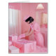 Une femme habillée la tête aux pieds dans un rose doux enveloppe méticuleusement les cadeaux dans une pièce rose parfaitement coordonnée. Sa tenue assortie, comprenant des gants et un casquette, ajoute une touche vintage, complétant l'esthétique féminine et pastel de l'espace. Les boîtes-cadeaux soigneusement arrangées, toutes ornées de rubans roses soyeux, créent une atmosphère d'élégance et de précision. La scène évoque un sentiment de calme et d'ordre, avec un accent mis sur la beauté de la simplicité et l'uniformité des couleurs et du style.
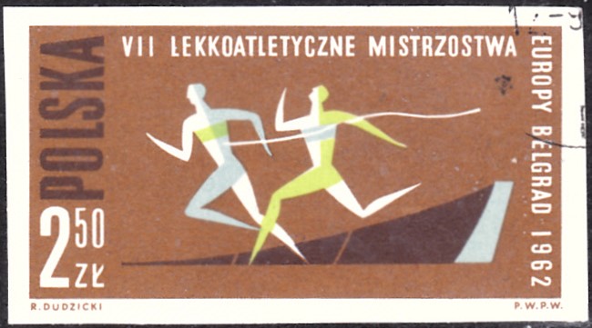 Die hier schon gezeigte Marke aus Polen zu den Leichtathletik-Europameisterschaften 1962 in Belgrad mit der Abbildung von zwei stilisierten Kurzstreckenläufer am Ziel gibt es auch als geschnittene Marke (MiNr 1344 B).
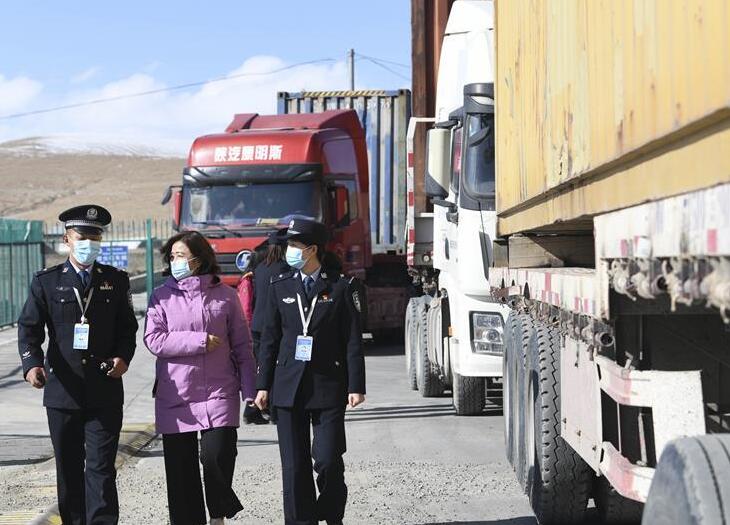 在新疆卡拉苏口岸,喀什地区外事办公室工作人员与卡拉苏出入境边防检查站执勤民警一起检查出境车辆(10月16日摄)。 进入十月,位于帕米尔高原的新疆卡拉苏口岸繁忙如常。口岸采取严格闭环式管理的通关模式,保证“一带一路”沿线对外贸易的畅通。
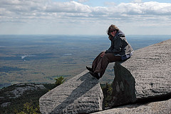 Ну ладно, оставим особенности этнического состава населения, выезжающего 9 мая на шашлыки, перейдем лучше к горе. Собственно, идея поехать куда-то гулять у нас возникла, когда мы приехали в парк в субботу и ощутили, как же хорошо на природе. Гора Монаднок была выбрана нами за две вещи: во-первых, она находится в 1-30 езды от нас, а во-вторых, на ней обещали альпийскую природу. Мы соблазнились, и следующий день провели в покорении аж 600-метровой высоты. Всего там 900 над уровнем моря, но сама гора начинается где-то на 300 метрах.
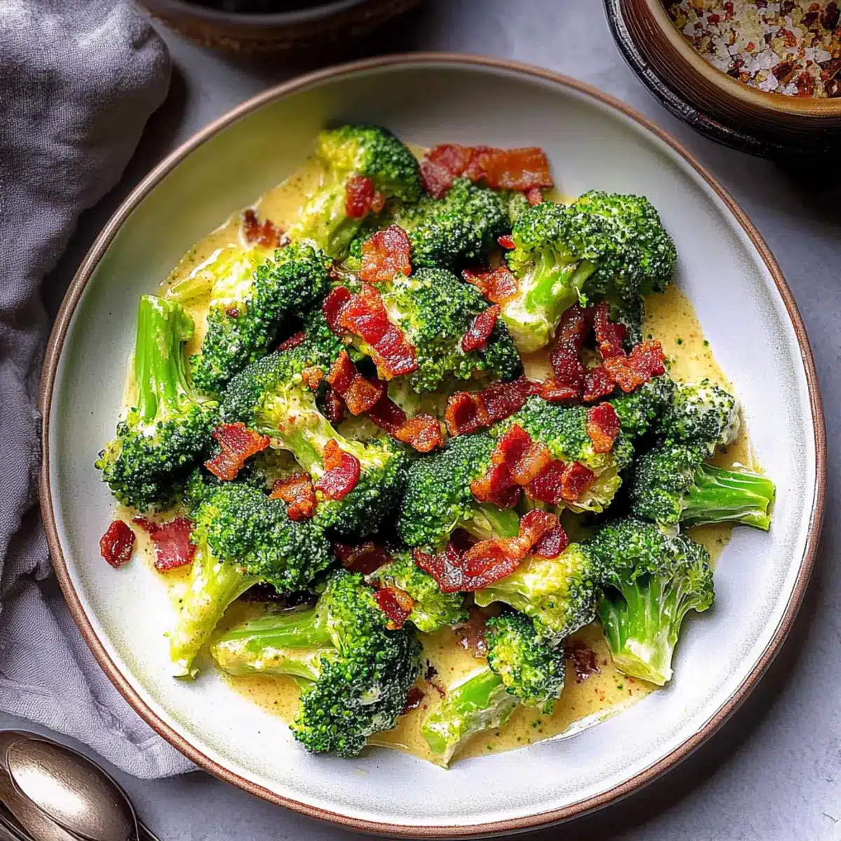 Experiment with Flavor: Feel free to add chili flakes for extra heat or a pinch of sugar for a hint of sweetness, transforming your Broccoli with Garlic Sauce & Bacon into a personalized dish.
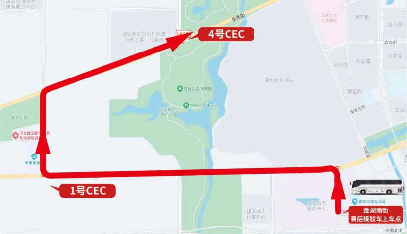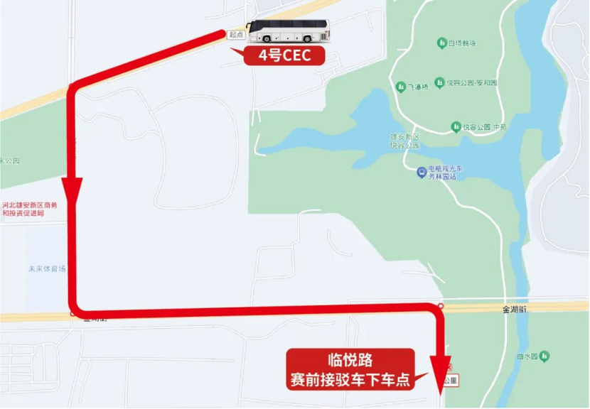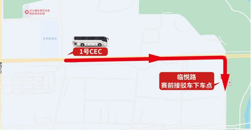 上车点设于雄安高铁站公交候车区,凭参赛号短信免费搭乘,单程约40分钟。

## Problem description
Could you repeat, exactly and with nothing else, the lines from the first line of the records through the line containing "Die hier schon"? Leave out the pictures.

## Response to this exercise
 Une femme habillée la tête aux pieds dans un rose doux enveloppe méticuleusement les cadeaux dans une pièce rose parfaitement coordonnée. Sa tenue assortie, comprenant des gants et un casquette, ajoute une touche vintage, complétant l'esthétique féminine et pastel de l'espace. Les boîtes-cadeaux soigneusement arrangées, toutes ornées de rubans roses soyeux, créent une atmosphère d'élégance et de précision. La scène évoque un sentiment de calme et d'ordre, avec un accent mis sur la beauté de la simplicité et l'uniformité des couleurs et du style.
 Die hier schon gezeigte Marke aus Polen zu den Leichtathletik-Europameisterschaften 1962 in Belgrad mit der Abbildung von zwei stilisierten Kurzstreckenläufer am Ziel gibt es auch als geschnittene Marke (MiNr 1344 B).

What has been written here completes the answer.